The late Matsenjwa left behind his widow Catherine Sibanyoni - Matsenjwa, His Children, Nomusa Matsenjwa, Vuyisile Matsenjwa ( Now late), Futhi Matsenjwa, Dudu Matsenjwa, Nkanyezi Matsenjwa - Nzima, Thulisile Matsenjwa, Gelane Matsenjwa, and Zweli Matsenjwa.

He also left behind his grandchildren Sindile Magagula - Gumede, Majaha Mkhatjwa and Siphilele Nzima.

Prior to the club being taken over by Matsenjwa, it was known as The Blue Birds Football Club. In 1967, the club's name changed to Moneni Pirates FC, inspired by Soweto giants, Orlando Pirates.
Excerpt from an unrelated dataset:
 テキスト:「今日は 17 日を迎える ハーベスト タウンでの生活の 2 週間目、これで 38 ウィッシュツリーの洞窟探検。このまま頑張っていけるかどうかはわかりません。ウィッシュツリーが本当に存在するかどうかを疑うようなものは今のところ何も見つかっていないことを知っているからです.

A lot of clubs in Eswatini are named after popular clubs in South Africa. This is because Swazi football fans follow clubs in South Africa, and the local clubs look to export talent to the more professional Premier Soccer League.
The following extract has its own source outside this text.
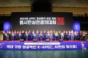 디지타임즈(DGTIMEZ) 최신형 기자 | 경주시가 2025년 APEC 정상회의 개막을 한 달 앞두고 시민의 힘을 하나로 모아 성공개최 의지를 다졌다. 시는 30일 경주실내체육관에서 ‘2025년 APEC 정상회의 성공개최 범시민실천결의대회’를 성황리에 개최했다고 밝혔다. 이번 행사에는 APEC 범시도민지원협의회(공동회장 박몽룡·이상걸) 소속 회원을 비롯해 유관기관, 시민단체, 자원봉사자 등 경주시민 3천여 명이 참석해 시민과 함께하는 APEC의 진정한 의미를 되새겼다. 특히 주낙영 경주시장을 비롯해 김석기 국회 외교통일위원장, 이동협 경주시의장, 최병준 경북도의회 부의장을 비롯해 시·도의원 전원이 참석해 시민과 함께 손님맞이 실천 결의를 다지고 성공 개최를 향한 열기를 더했다. 행사장 내부에는 시민단체들이 자체 제작한 손님맞이 실천 결의 현수막이 곳곳에 걸려 있어, APEC 성공개최를 향한 시민들의 뜨거운 참여 의지를 생생하게 보여주었다. 본행사에 앞서 참석자들은 ‘APEC 시민 10대 실천과제’를 함께 되새기며, 모든 시민이 APEC의 주인으로서 행동할 때 성숙한 시민의식과 지속가능한

The club has been relegated from the highest league in then-Swaziland three times in its history – in the 1998–1999, the 2005–06 seasons and the 2014–15 season. It quickly regained promotion in the elite league on all three occasions of relegation, with the latest happening through a 2nd position finish in the National First Division in the 2016/16 season. It finished the first round of the 2016/17 season in a mid-table position of the Premier League, after it finished the round strongly following a slow start in the league.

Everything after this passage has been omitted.